Is your CEO wearing too many hats? If one of those happens to be Data Protection Officer (DPO), your organization could be facing significant legal and compliance risks—as one company discovered after being hit with a €5,000 fine by Austria’s data protection authority (DSB).
The DSB penalized a company for appointing its managing director as its Data Protection Officer, highlighting a fundamental conflict of interest that violates core principles of the General Data Protection Regulation (GDPR).
“Appointing a CEO as DPO creates an inherent conflict where the same person determines how data is processed and simultaneously oversees compliance with data protection laws,” explains legal expert Tijana Žunić Marić from Žunić Law, who documented the case. “This arrangement fundamentally undermines the independence required of a DPO under GDPR Article 38.”
The ruling reinforces a critical principle in data governance: segregation of duties. Under GDPR, a DPO must operate independently, free from conflicts of interest that could compromise their ability to monitor compliance objectively.
This case serves as a warning to organizations that might be tempted to assign data protection responsibilities to executives who already determine business objectives and data processing activities.
Similar Conflicts in Cybersecurity Leadership
The same conflict of interest concerns extend to Chief Information Security Officer (CISO) roles. Many organizations still position their CISO under the Chief Information Officer (CIO), creating a problematic reporting structure.
Having a CISO report to the CIO creates a classic conflict of interest. The CIO is incentivized to deploy systems quickly and efficiently, while the CISO must ensure security—often requiring additional controls that may slow deployment.

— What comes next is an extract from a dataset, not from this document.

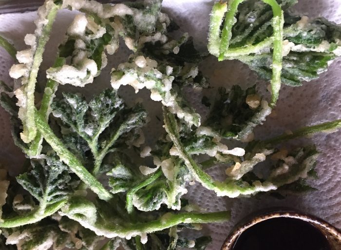 The unopened flower buds are also delicious and come in their own wee packages which means you can steam them without losing any of their sensational flavour – a glamourous steamed accompaniment to fish. Add them peeled to stir-fries, deep fry in tempura batter or to pickles. Older leaves are not so appealing, but make an excellent addition to a stock pot.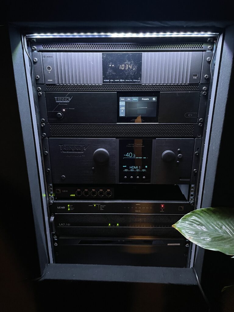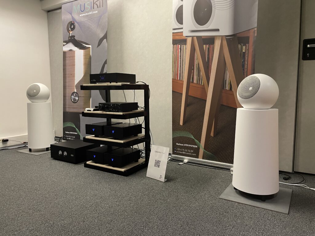Ces belles dans leur coffret en résine, étaient alimentées par un ensemble Valvet A4e Classe A comprenant 2 blocs mono avec leur alimentations respectives. La source était un serveur/streamer Grimm.

Forward-thinking organizations are addressing this by having CISOs report directly to the CEO or board, establishing independence from the IT department they must oversee.
What This Means For Your Organization
If your company has assigned DPO responsibilities to a senior executive who also determines data processing activities, it’s time to reconsider this arrangement. The same applies if your CISO reports to your CIO.
Proper segregation of duties isn’t just about compliance – it’s about creating effective checks and balances that protect your organization and its stakeholders. As regulatory scrutiny intensifies, ensuring these key oversight roles maintain true independence has never been more important.